We present an approach that can be utilized in order to account for the covariate shift between two datasets of the same observable with different distributions. This helps improve the generalizability of a neural network model trained on in-distribution samples (IDs) when inferring cosmology at the field level on out-of-distribution samples (OODs) of unknown labels. We make use of HI maps from the two simulation suites in CAMELS, IllustrisTNG and SIMBA. We consider two different techniques, namely adversarial approach and optimal transport, to adapt a target network whose initial weights are those of a source network pre-trained on a labeled dataset. Results show that after adaptation, salient features that are extracted by source and target encoders are well aligned in the embedding space. This indicates that the target encoder has learned the representations of the target domain via the adversarial training and optimal transport. Furthermore, in all scenarios considered in our analyses, the target encoder, which does not have access to any labels (\(\Omega _{\mathrm{m}}\)) during adaptation phase, is able to retrieve the underlying \(\Omega _{\mathrm{m}}\) from out-of-distribution maps to a great accuracy of \(R^{2}\) score ≥ 0.9, comparable to the performance of the source encoder trained in a supervised learning setup. We further test the viability of the techniques when only a few out-of-distribution instances are available for training and find that the target encoder still reasonably recovers the matter density. Our approach is critical in extracting information from upcoming large scale surveys.

查看原文本刊更多论文

对未标记的非分布HI观测数据的宇宙学推断

我们提出了一种方法，可以用来解释具有不同分布的相同可观察值的两个数据集之间的协变量移位。这有助于提高在分布内样本（id）上训练的神经网络模型在未知标签的分布外样本（OODs）上推断宇宙学时的可泛化性。我们使用了骆驼的两个模拟套件，IllustrisTNG和SIMBA中的HI地图。我们考虑了两种不同的技术，即对抗方法和最优传输，以适应目标网络，其初始权重是在标记数据集上预训练的源网络的权重。结果表明，自适应后，源编码器和目标编码器提取的显著特征在嵌入空间中能够很好地对齐。这表明目标编码器通过对抗性训练和最优传输学习了目标域的表示。
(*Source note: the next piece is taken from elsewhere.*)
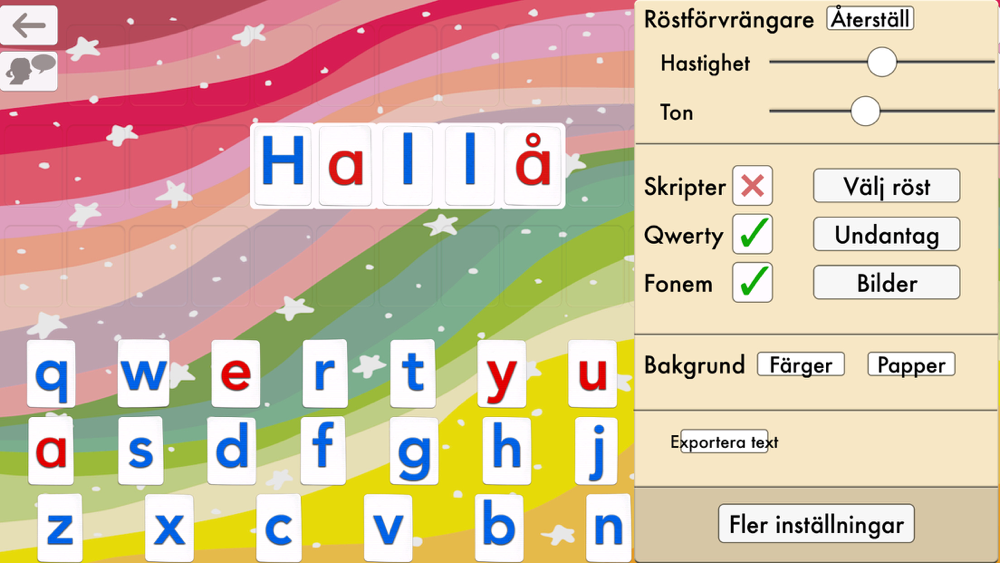 • Many settings to adapt the activities to the child’s needs (letter size, keyboard layout, assign images to words, disable some letters, high contrast modes for kids with visual impairment,...)

此外，在我们的分析中考虑的所有场景中，在适应阶段没有访问任何标签（\(\Omega _{\mathrm{m}}\)）的目标编码器能够从分布外映射中检索底层\(\Omega _{\mathrm{m}}\)，其准确度为\(R^{2}\)得分≥0.9，与在监督学习设置中训练的源编码器的性能相当。我们进一步测试了这些技术的可行性，当只有少数非分布实例可用于训练时，我们发现目标编码器仍然可以合理地恢复物质密度。我们的方法对于从即将到来的大规模调查中提取信息至关重要。

本文章由计算机程序翻译，如有差异，请以英文原文为准。

求助全文

约1分钟内获得全文求助全文

来源期刊

Astrophysics and Space Science 地学天文-天文与天体物理

CiteScore

3.40

自引率

5.30%

发文量

106

审稿时长

2-4 weeks

期刊介绍： Astrophysics and Space Science publishes original contributions and invited reviews covering the entire range of astronomy, astrophysics, astrophysical cosmology, planetary and space science and the astrophysical aspects of astrobiology. This includes both observational and theoretical research, the techniques of astronomical instrumentation and data analysis and astronomical space instrumentation. We particularly welcome papers in the general fields of high-energy astrophysics, astrophysical and astrochemical studies of the interstellar medium including star formation, planetary astrophysics, the formation and evolution of galaxies and the evolution of large scale structure in the Universe. Papers in mathematical physics or in general relativity which do not establish clear astrophysical applications will no longer be considered. The journal also publishes topically selected special issues in research fields of particular scientific interest. These consist of both invited reviews and original research papers. Conference proceedings will not be considered. All papers published in the journal are subject to thorough and strict peer-reviewing. Astrophysics and Space Science features short publication times after acceptance and colour printing free of charge.